Anesthesiology/blocking rib pain
Expert: Dr Ian Jackson - please note UK based - 1/28/2009
QuestionHi. Last May I had my LUL removed due to a small tumour/lung cancer (non-smoker). The surgeon said that the nerves could cause pins & needles & discomfort for about a year. I haven't had pins & needles, just discomfort & stabbing pain at times when the skin is touched. At the same time, I also had a mastectomy on my other side. That doctor recently sent me to a pain specialist because I can't wear a proper bra due to pain when touching my rib area on the lung surgery side (& I'm not small). The pain doc has referred me to an anaesthetist to do something to block/kill? (not sure which) the pain. What is the disadvantage of doing this? Do I lose all sensation in the area? Any other possible longterm side effects? I can live with the pain, it just affects what I can/can't wear, which can be uncomfortable(and maybe affect other muscles/ posture due to lack of support?) Thanks for any info/ suggestions you can give me. I know my lung doc said 1 year, but the pain doc didn't seem to care about that.
AnswerI am really sorry to hear that you have had to have two fairly major ops in the last year.

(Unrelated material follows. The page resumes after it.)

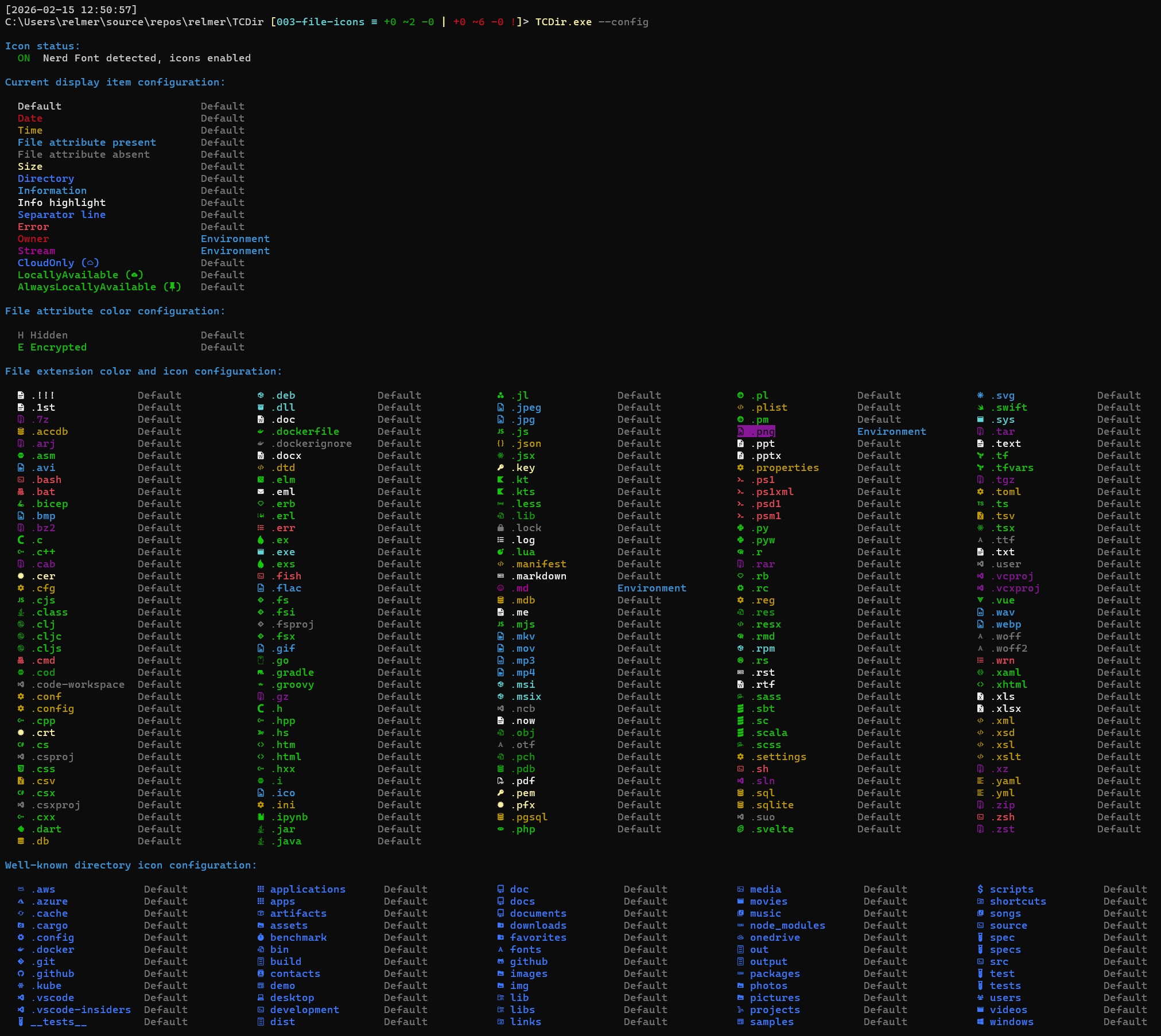 Icon mappings (~200 extensions, ~65 well-known directories) are aligned with the Terminal-Icons PowerShell module default theme.

Neuropathic pain (pain from damaged nerves) following thoracotomy (opening your chest) is not uncommon and your surgeon was right to warn you about this. Your description of this is excellent and it is likely that it will not disappear at this stage - it has become a chronic condition. I suspect the pain specialist will try local anaesthetic blocks on the affected nerve to see if this helps you. That should give you a narrow numb band in the area blocked for 5-6 hours - they will then hope that this may help the nerve modify how it is responding to touch. I'm not an expert in chronic pain and I'm uncertain if they would try to do much more than that. Personally I wouldn't be keen on anything that tries to permenantly damage/block the nerve unless they can provide good evidence of successful outcomes for this. If you are living/coping well with the pain then you would need good reasurance that the treatment wasn't going to leave you in a worse position.
Sorry I can't be more concrete about this but it is more than 20 years since I took part in pain clinics as part of my training!